(Extracted data)

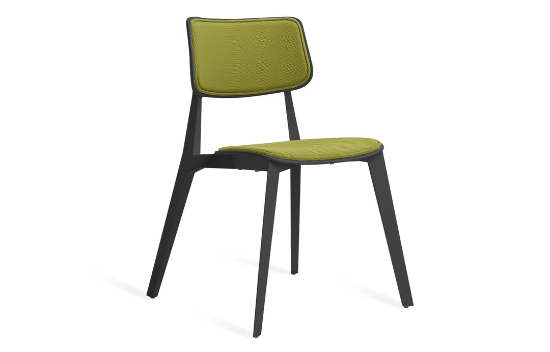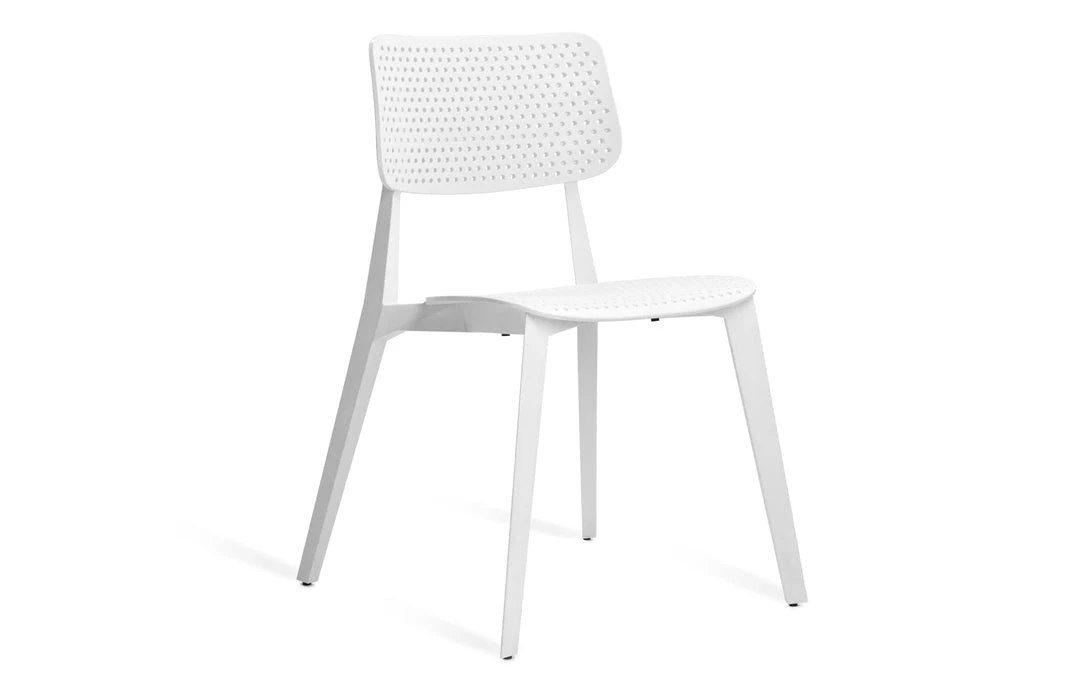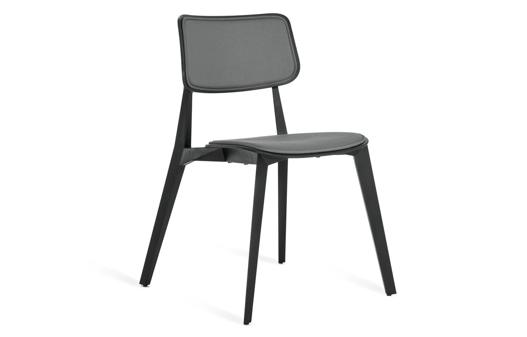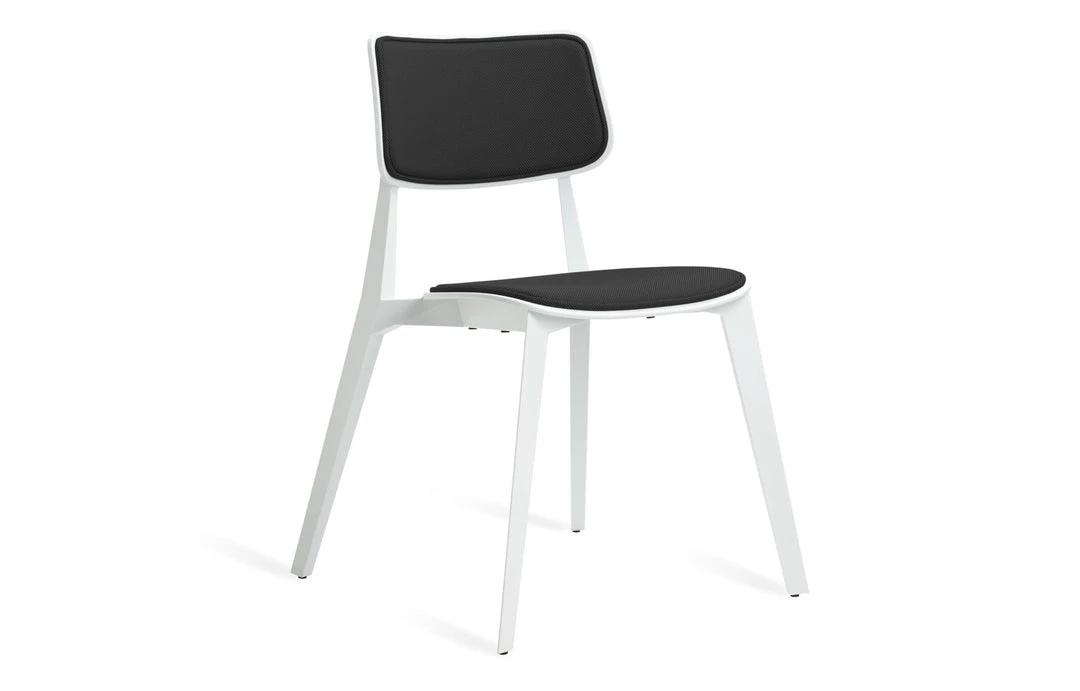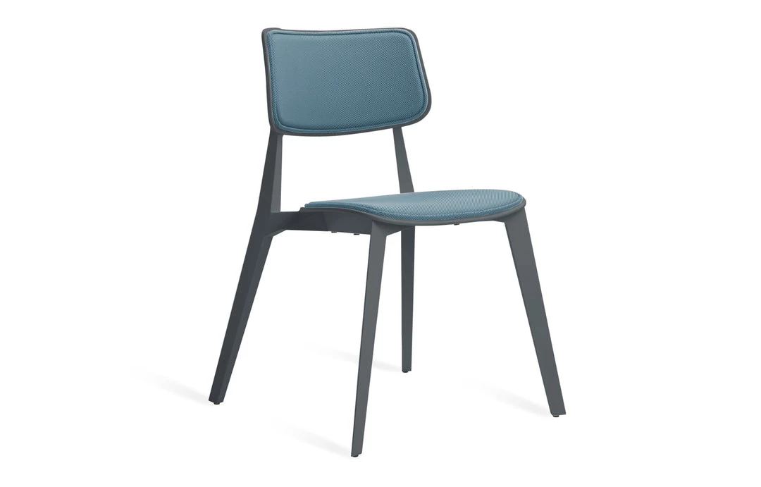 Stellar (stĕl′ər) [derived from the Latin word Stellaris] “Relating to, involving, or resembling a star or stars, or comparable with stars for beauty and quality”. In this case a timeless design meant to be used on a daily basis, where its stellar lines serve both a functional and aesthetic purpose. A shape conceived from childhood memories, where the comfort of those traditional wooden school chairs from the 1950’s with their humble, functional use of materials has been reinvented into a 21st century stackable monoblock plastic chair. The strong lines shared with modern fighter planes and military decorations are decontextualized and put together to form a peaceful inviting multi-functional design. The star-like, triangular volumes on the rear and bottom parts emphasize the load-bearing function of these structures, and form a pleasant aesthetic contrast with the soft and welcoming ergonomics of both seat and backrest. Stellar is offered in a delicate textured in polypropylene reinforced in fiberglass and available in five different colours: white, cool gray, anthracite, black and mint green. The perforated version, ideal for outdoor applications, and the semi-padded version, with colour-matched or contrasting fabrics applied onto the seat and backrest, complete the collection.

(End Extracted data)
(Extracted data)

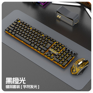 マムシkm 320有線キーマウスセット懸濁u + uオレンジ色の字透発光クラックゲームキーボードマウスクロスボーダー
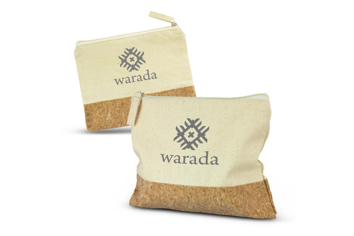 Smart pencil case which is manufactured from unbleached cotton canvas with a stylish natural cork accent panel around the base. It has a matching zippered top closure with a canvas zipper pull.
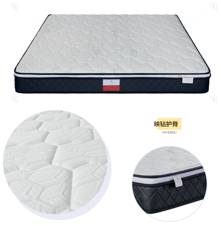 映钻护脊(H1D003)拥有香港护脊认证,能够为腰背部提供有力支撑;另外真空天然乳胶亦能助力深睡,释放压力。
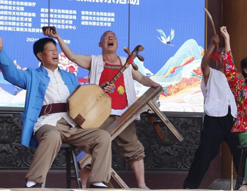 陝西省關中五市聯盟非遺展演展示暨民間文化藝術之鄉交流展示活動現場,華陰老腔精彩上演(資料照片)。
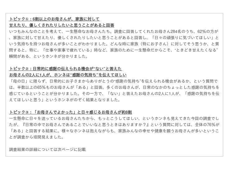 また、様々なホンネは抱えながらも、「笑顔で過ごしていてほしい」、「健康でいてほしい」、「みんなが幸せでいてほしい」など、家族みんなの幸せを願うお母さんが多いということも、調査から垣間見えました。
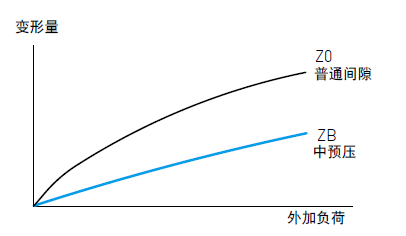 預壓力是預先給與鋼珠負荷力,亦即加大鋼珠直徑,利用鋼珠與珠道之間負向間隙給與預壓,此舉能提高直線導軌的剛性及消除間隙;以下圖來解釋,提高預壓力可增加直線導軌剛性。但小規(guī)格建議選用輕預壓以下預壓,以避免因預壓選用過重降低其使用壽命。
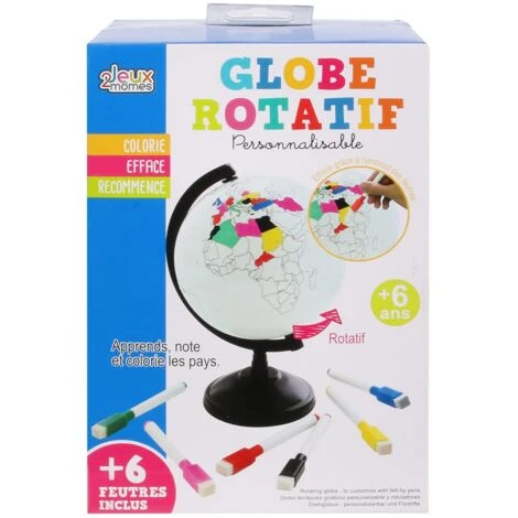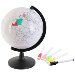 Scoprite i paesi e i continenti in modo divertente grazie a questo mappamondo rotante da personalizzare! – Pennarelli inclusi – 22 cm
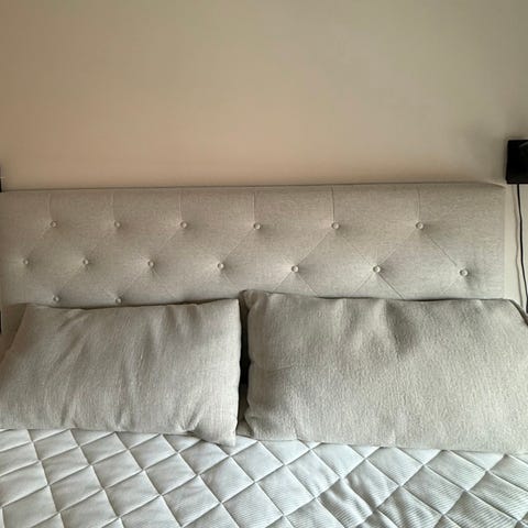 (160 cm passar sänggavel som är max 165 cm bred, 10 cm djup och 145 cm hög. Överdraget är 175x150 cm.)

(End Extracted data)
(Extracted data)

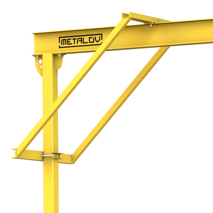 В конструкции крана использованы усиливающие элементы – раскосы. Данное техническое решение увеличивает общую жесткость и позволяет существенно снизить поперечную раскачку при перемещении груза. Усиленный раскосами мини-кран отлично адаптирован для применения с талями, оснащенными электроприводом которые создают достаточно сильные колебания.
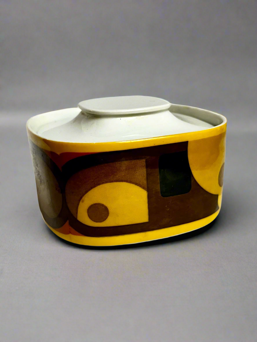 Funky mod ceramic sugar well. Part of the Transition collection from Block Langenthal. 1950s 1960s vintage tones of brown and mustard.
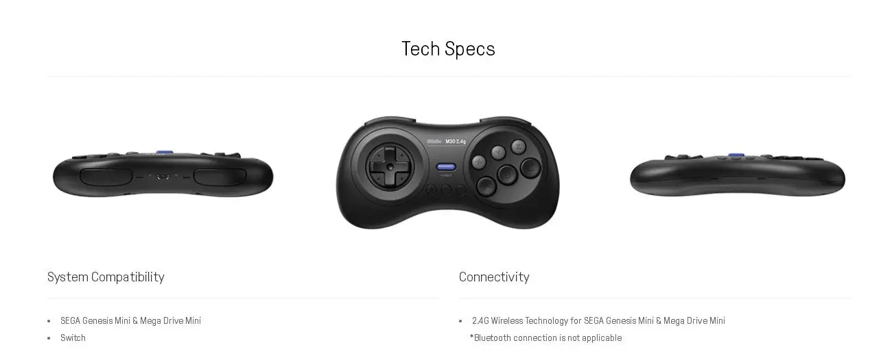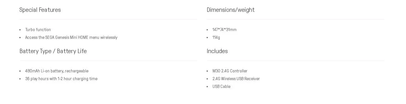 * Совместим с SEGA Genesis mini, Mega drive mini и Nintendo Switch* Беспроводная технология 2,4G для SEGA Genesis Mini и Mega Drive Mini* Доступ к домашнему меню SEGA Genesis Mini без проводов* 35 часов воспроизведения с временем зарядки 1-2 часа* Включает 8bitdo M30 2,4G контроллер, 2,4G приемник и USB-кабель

(End Extracted data)

▶ _Assignment_
Write back the stretch of lines above that begins with the line holding "В конструкции крана" and ends with the line holding "приемник и USB-кабель", both included, exactly as written. Pictures stay out.

▶ _Solution to the exercise_
 В конструкции крана использованы усиливающие элементы – раскосы. Данное техническое решение увеличивает общую жесткость и позволяет существенно снизить поперечную раскачку при перемещении груза. Усиленный раскосами мини-кран отлично адаптирован для применения с талями, оснащенными электроприводом которые создают достаточно сильные колебания.
 Funky mod ceramic sugar well. Part of the Transition collection from Block Langenthal. 1950s 1960s vintage tones of brown and mustard.
 * Совместим с SEGA Genesis mini, Mega drive mini и Nintendo Switch* Беспроводная технология 2,4G для SEGA Genesis Mini и Mega Drive Mini* Доступ к домашнему меню SEGA Genesis Mini без проводов* 35 часов воспроизведения с временем зарядки 1-2 часа* Включает 8bitdo M30 2,4G контроллер, 2,4G приемник и USB-кабель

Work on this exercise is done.